Recall that a barrier is a point in code where we want all threads to reach before continuing on:

The following OpenMP program spawns a number of threads. How could we add a barrier in the middle of the function?


#include <unistd.h>
#include <stdlib.h>
#include <omp.h>
#include <stdio.h>

#define THREADS 8

/* the function called for each thread */
void worker() {
  /* get our thread id */
  int id = omp_get_thread_num();

  /* we start to work */
  printf("Thread %d starting!\n", id);

  /* simulate the threads taking slightly different amounts of time by sleeping
   * for our thread id seconds */
  sleep(id);
  printf("Thread %d is done its work!\n", id);


  /* TODO make a barrier */


  printf("Thread %d is past the barrier!\n", id); 
}

int main() {
  /* have all the threads run worker */
  # pragma omp parallel num_threads(THREADS)
    worker();

  return 0;
}

This is easily accomplished with OpenMP:


#include <unistd.h>
#include <stdlib.h>
#include <omp.h>
#include <stdio.h>

#define THREADS 8

/* the function called for each thread */
void worker() {
  /* get our thread id */
  int id = omp_get_thread_num();

  /* we start to work */
  printf("Thread %d starting!\n", id);

  /* simulate the threads taking slightly different amounts of time by sleeping
   * for our thread id seconds */
  sleep(id);
  printf("Thread %d is done its work!\n", id);


  /* a barrier */
  #pragma omp barrier


  printf("Thread %d is past the barrier!\n", id); 
}

int main() {
  /* have all the threads run worker */
  # pragma omp parallel num_threads(THREADS)
    worker();

  return 0;
}

The barrier directive causes OpenMP to insert a barrier at that point.

Ordered Sections

Suppose we wanted one portion of our threaded code to execute in thread order. This is often desirable for output as it is typically non-deterministic.

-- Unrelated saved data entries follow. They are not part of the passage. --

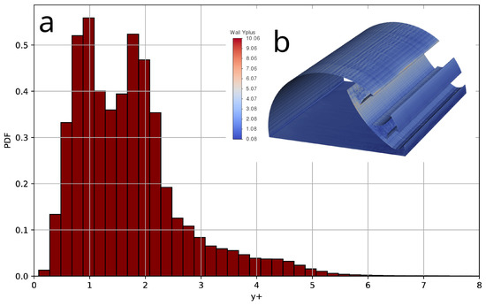 The unstructured, hexahedral-dominated grid used to simulate the flow over the BB with the implemented aerodynamic flow control was designed similarly to the grid for the semi-circular cylinder (referred to as A0 and presented in Figure 5). The computational domain was defined as a rectangular block with dimensions , initially seeded with nodes in the x, y, and z directions, respectively. The region from to was refined with a coefficient of at the next level. The block from to was further refined using a uniform cell size of . Finally, the cylindrical region with a radius of , located at the center of the Cartesian coordinates, was meshed with a uniform cell size of . A viscous sub-grid was added to the obstacle with averaged , an expansion factor of , and a total of five layers. The total grid size amounted to cells. For the second grid (referred to as A1), the cylindrical region with a radius of was re-meshed with uniform cell sizes of , resulting in a total of cells. Figure 6 displays the probability distribution function (PDF) of and its visualization at the surface of the airfoil for the A1 mesh.
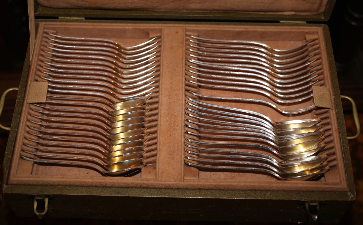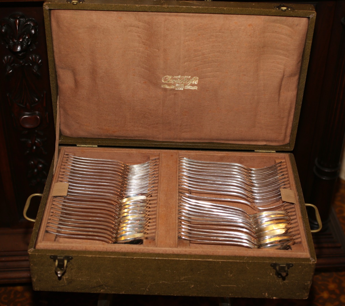 Les couverts dans leur grand coffret CHRISTOFLE.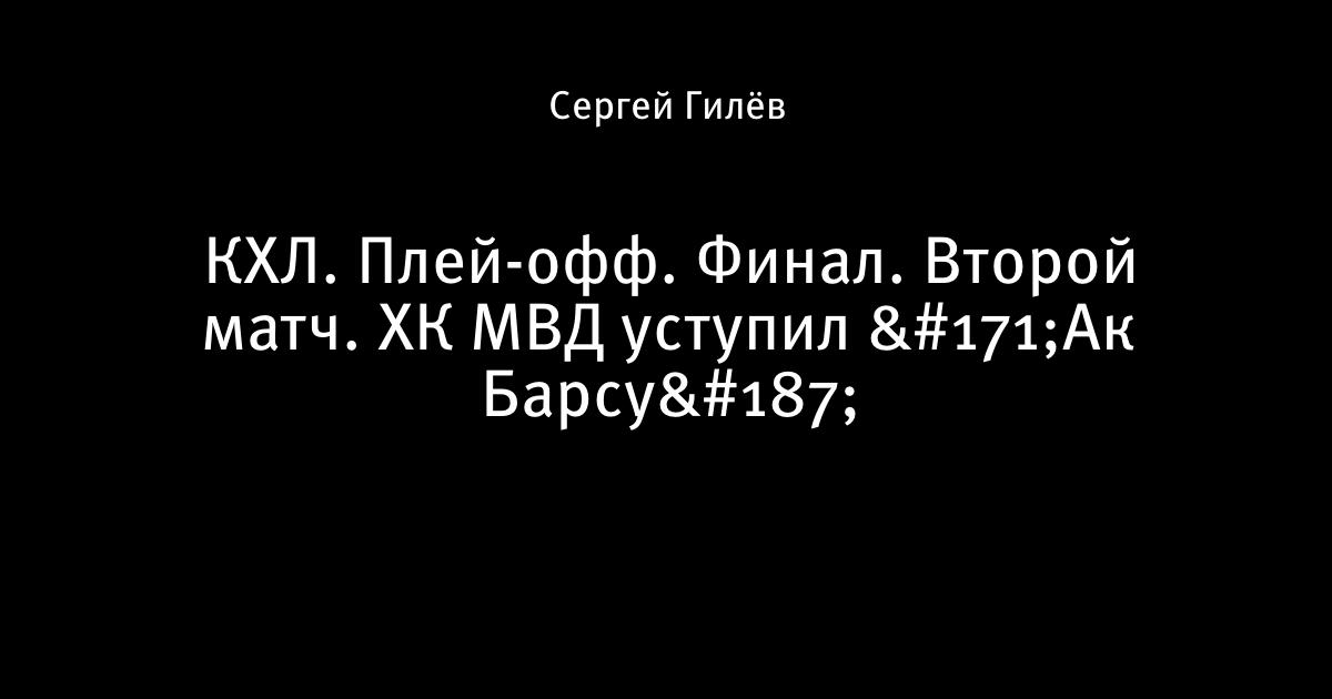 17 апреля 2010, 00:59 КХЛ. Плей-офф. Финал. Второй матч. ХК МВД уступил «Ак Барсу» ХК МВД Ак Барс 1:4 Автор Сергей Гилёв Этот пост опубликован в блоге на Трибуне Sports.ru. Присоединяйтесь к крупнейшему сообществу спортивных болельщиков! Другие посты блога Айс-ТВ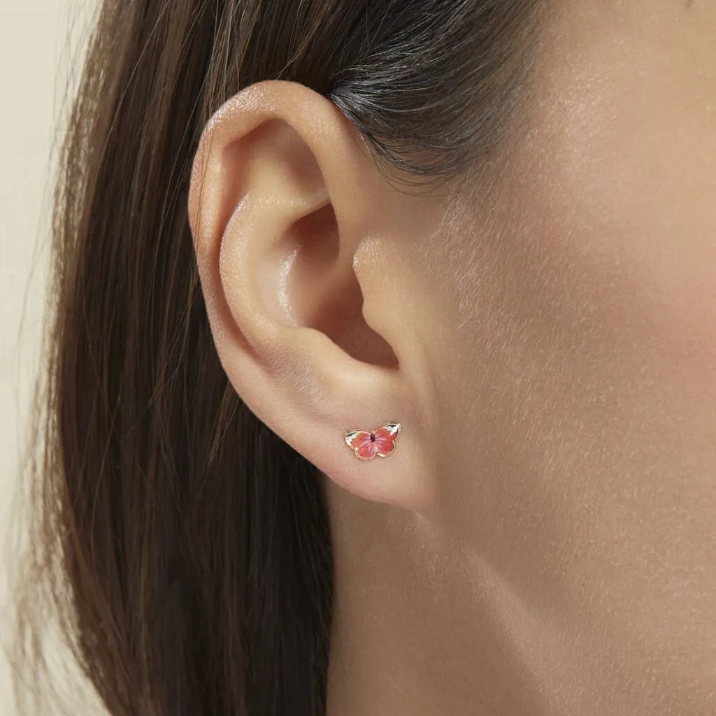Boucles D’oreilles Or Jaune 375/1000 Puces Papillons Smalto Fushia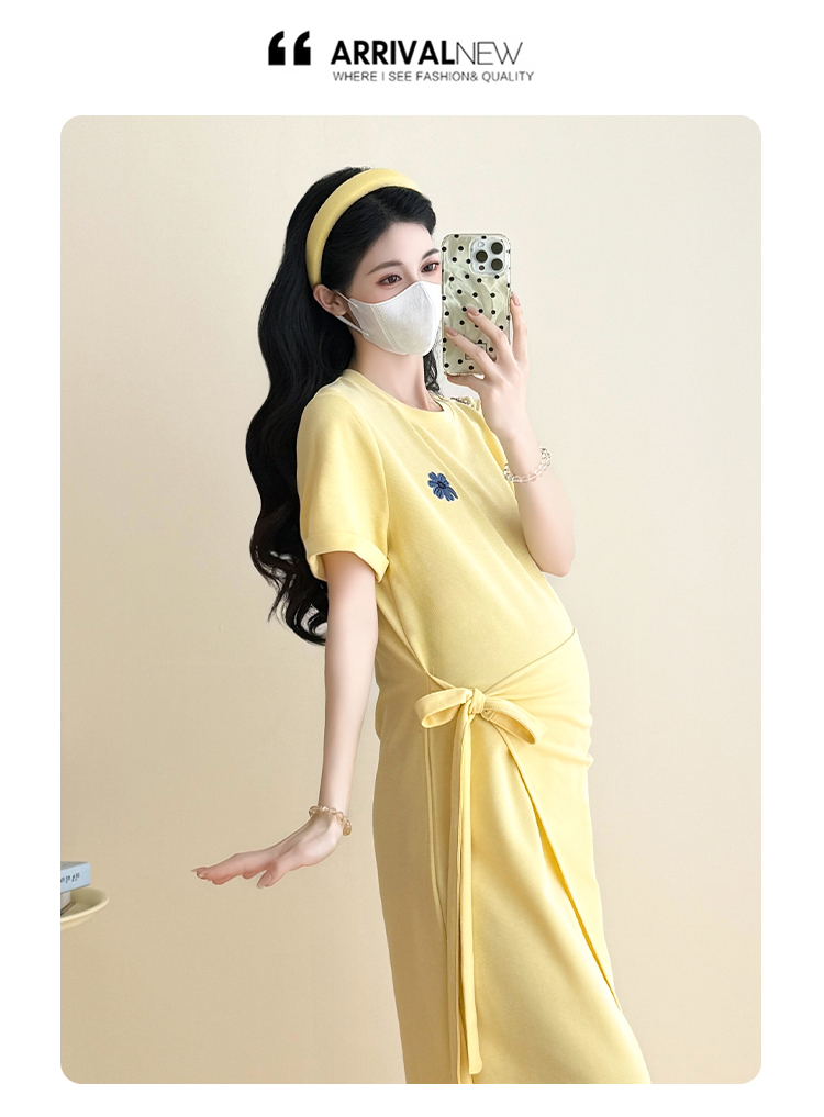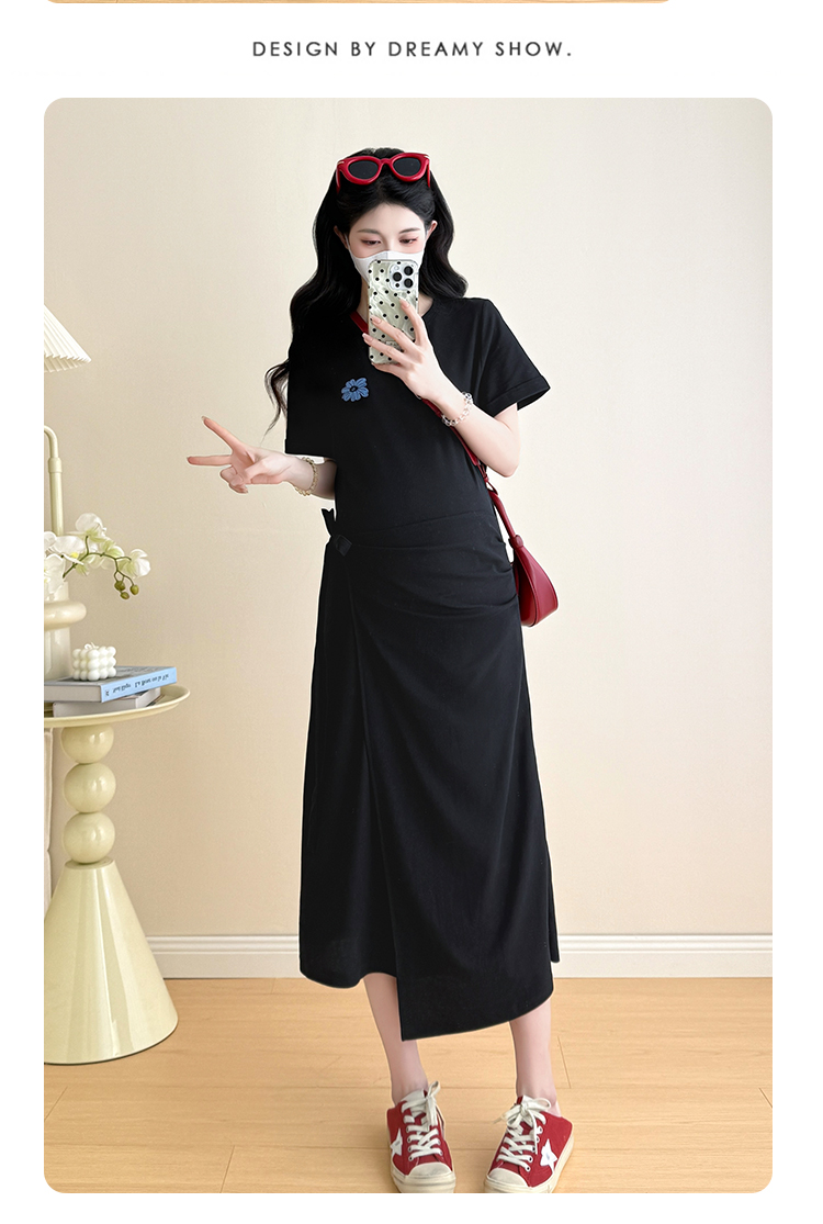 2026 실사 여름 새로운 슬림해 보이는 여성 자수 패키지 과립 버클 중간 길이 임산부 패션 폴로 칼라 드레스

The following program may execute in thread order, but probably will not:


#include <stdlib.h>
#include <omp.h>
#include <stdio.h>

#define THREADS 16

/* the function called for each thread */
void worker() {
  /* get our thread id */
  int id = omp_get_thread_num();
  printf("Thread %d says hello!\n", id);
}

int main() {
  int i;

  #pragma omp parallel for num_threads(THREADS)
  for (i = 0; i < THREADS; i++) {
    worker();
  }
  return 0;
}

There is also a built-in directive in OpenMP for this, the ordered directive. The following program uses this:


#include <stdlib.h>
#include <omp.h>
#include <stdio.h>

#define THREADS 16

/* the function called for each thread */
void worker() {
  /* get our thread id */
  int id = omp_get_thread_num();

  #pragma omp ordered
  printf("Thread %d says hello!\n", id);
}

int main() {
  int i;

  #pragma omp parallel for num_threads(THREADS) ordered
  for (i = 0; i < THREADS; i++) {
    worker();
  }
  return 0;
}

There are a few restrictions on the ordered directive:

It can only appear in a parallel for loop - not a parallel block.
The parallel for loop must be marked as ordered.

This is so OpenMP knows how many threads will be entering the ordered block.